▸ What you should do:
Would it be possible to output exactly, and only, the lines below from the one holding "- Show Report" to the last line, both included, with every picture left out?

▸ Given material:
==============================

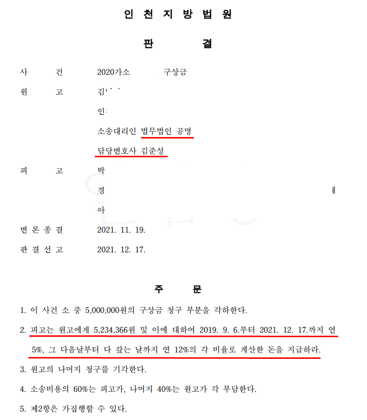 인천지방법원에서는 원고에게 일부 승소 판결을 선고하였습니다.
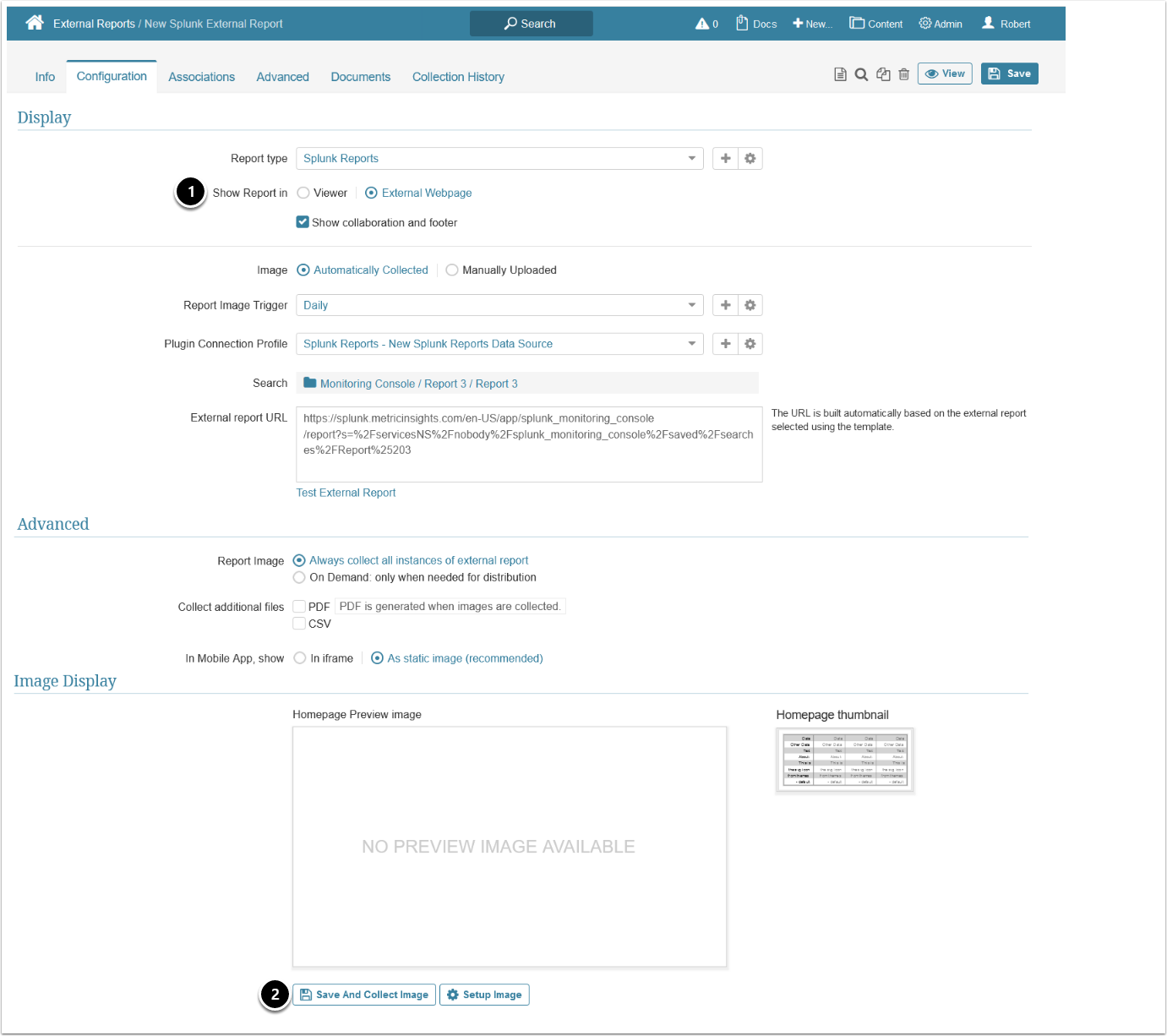 - Show Report in: select whether to show the External Report in Metric Insights Viewer or in the External Webpage defined in the External report URL setting
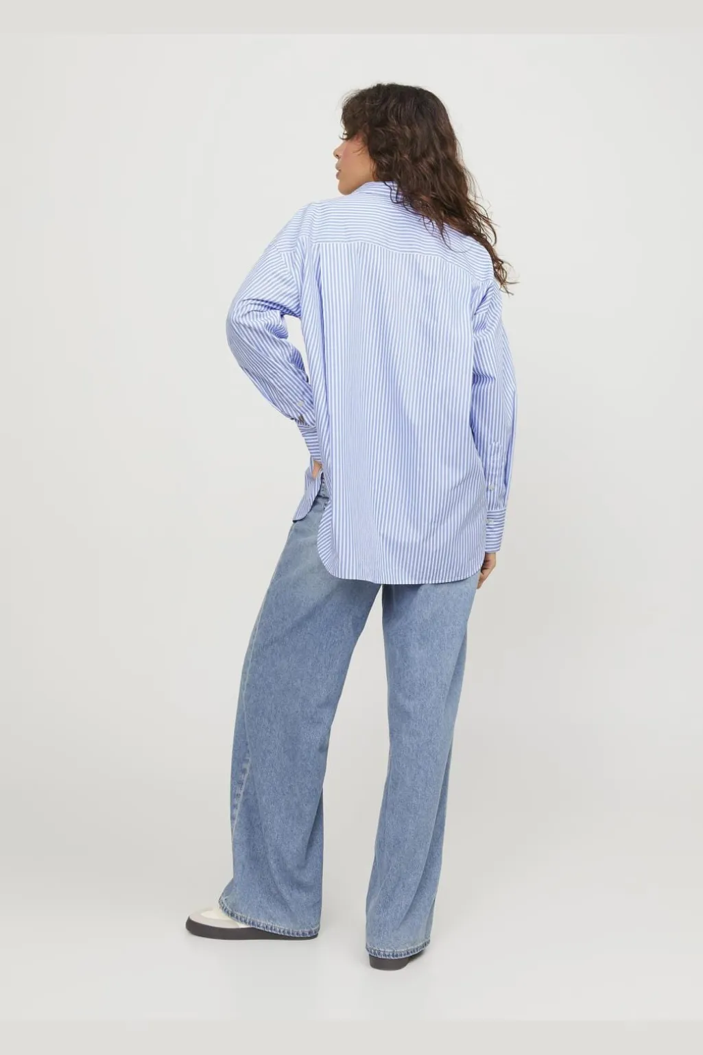 Stribet skjorte fra Jjxx i blå og hvide striber. En klassisk skjorte med krave og lange ærmer, brystlomme og buet kant forneden. Fremstillet i poplin med en afslappet pasform.

==============================

▸ Solution to this problem:
 - Show Report in: select whether to show the External Report in Metric Insights Viewer or in the External Webpage defined in the External report URL setting
 Stribet skjorte fra Jjxx i blå og hvide striber. En klassisk skjorte med krave og lange ærmer, brystlomme og buet kant forneden. Fremstillet i poplin med en afslappet pasform.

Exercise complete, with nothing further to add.